In [1]:
import pandas as pd

In [2]:
ELO_K = 20
ELO_HOME_ADV = 60
ROLLING_WINDOW = 5
FALLBACK_WIN_RATION = 1.0
label_map = {'H_or_D': 0, 'A': 1}

In [3]:
matches = pd.read_csv('../data/matches.csv', parse_dates=['kickoff_datetime'])
matches.head()

Unnamed: 0,match_id,season,kickoff,home_team,home_team_id,home_score,away_team,away_team_id,away_score,outcome,winner,kickoff_datetime
0,2561895,2025,2025-08-15 20:00:00,Liverpool,14,4,Bournemouth,91,2,H_or_D,Liverpool,2025-08-15 20:00:00
1,2561896,2025,2025-08-16 12:30:00,Aston Villa,7,0,Newcastle United,4,0,H_or_D,Draw,2025-08-16 12:30:00
2,2561897,2025,2025-08-16 15:00:00,Brighton and Hove Albion,36,1,Fulham,54,1,H_or_D,Draw,2025-08-16 15:00:00
3,2561898,2025,2025-08-17 14:00:00,Nottingham Forest,17,3,Brentford,94,1,H_or_D,Nottingham Forest,2025-08-17 14:00:00
4,2561899,2025,2025-08-16 15:00:00,Sunderland,56,3,West Ham United,21,0,H_or_D,Sunderland,2025-08-16 15:00:00


In [4]:
def init_elo(teams, base=1500):
    return {t: base for t in teams}

In [5]:

def expected_score(elo_ta, elo_th):
    return 1 / (1 + 10 ** ((elo_ta - elo_th) / 400.0))

In [6]:

def compute_elo_ratings(df):
    """
    Compute per-match pre-game ELO ratings for home and away teams.
    Returns two new columns: elo_home_pre, elo_away_pre
    """

    team_col_home = 'home_team'
    team_col_away = 'away_team'
    score_home = 'home_score'
    score_away = 'away_score'
    season_order_col = 'kickoff_datetime'

    teams = pd.concat([df[team_col_home], df[team_col_away]]).unique()
    elo = init_elo(teams)
    elo_home_pre = []
    elo_away_pre = []

    df_sorted = df.sort_values(by=season_order_col).reset_index(drop=True)
    for _, row in df_sorted.iterrows():
        th = row[team_col_home]
        ta = row[team_col_away]
        elo_home_pre.append(elo[th])
        elo_away_pre.append(elo[ta])

        # compute outcome
        if row[score_home] > row[score_away]:
            s_h, s_a = 1.0, 0.0
        elif row[score_home] < row[score_away]:
            s_h, s_a = 0.0, 1.0
        else:
            s_h, s_a = 0.5, 0.5

        exp_h = expected_score(elo[ta], elo[th])
        exp_a = 1 - exp_h

        elo[th] = elo[th] + ELO_K * (s_h - exp_h)
        elo[ta] = elo[ta] + ELO_K * (s_a - exp_a)
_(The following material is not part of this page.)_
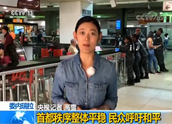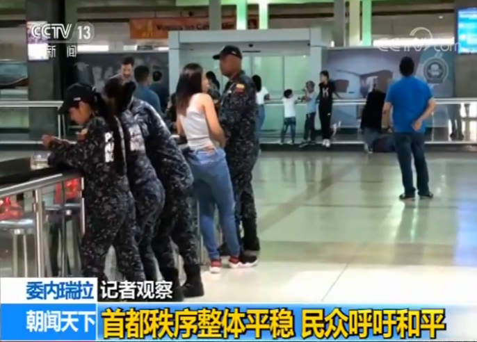 央视记者 高雪:我现在是在委内瑞拉首都加拉加斯的“西蒙·玻利瓦尔国际机场”,我现在所在的位置是机场的国际航班到达厅,在这里一切秩序井然,没有异常的现象,商店和餐厅都正常营业。为了保障安全,有关方面也是加强了军警的部署。
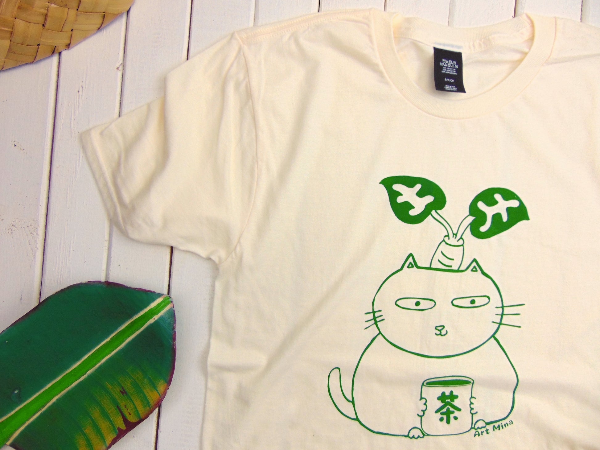 A cat that grows taro plants from its head and drinks Japanese tea will soothe you! The charm of our "Ocha Neko" Unisex T-shirt features a delightful Green Tea Cat design.

    # attach to original index
    df_out = df_sorted.copy()
    df_out['elo_home_pre'] = elo_home_pre
    df_out['elo_away_pre'] = elo_away_pre
    return df_out.sort_index()


In [7]:
matches = matches.rename(
    columns={'winner': 'winner_label', 'outcome': 'outcome_label'}) if 'winner' in matches.columns else matches
df = compute_elo_ratings(matches)

df['elo_diff_pre'] = df['elo_home_pre'] - df['elo_away_pre']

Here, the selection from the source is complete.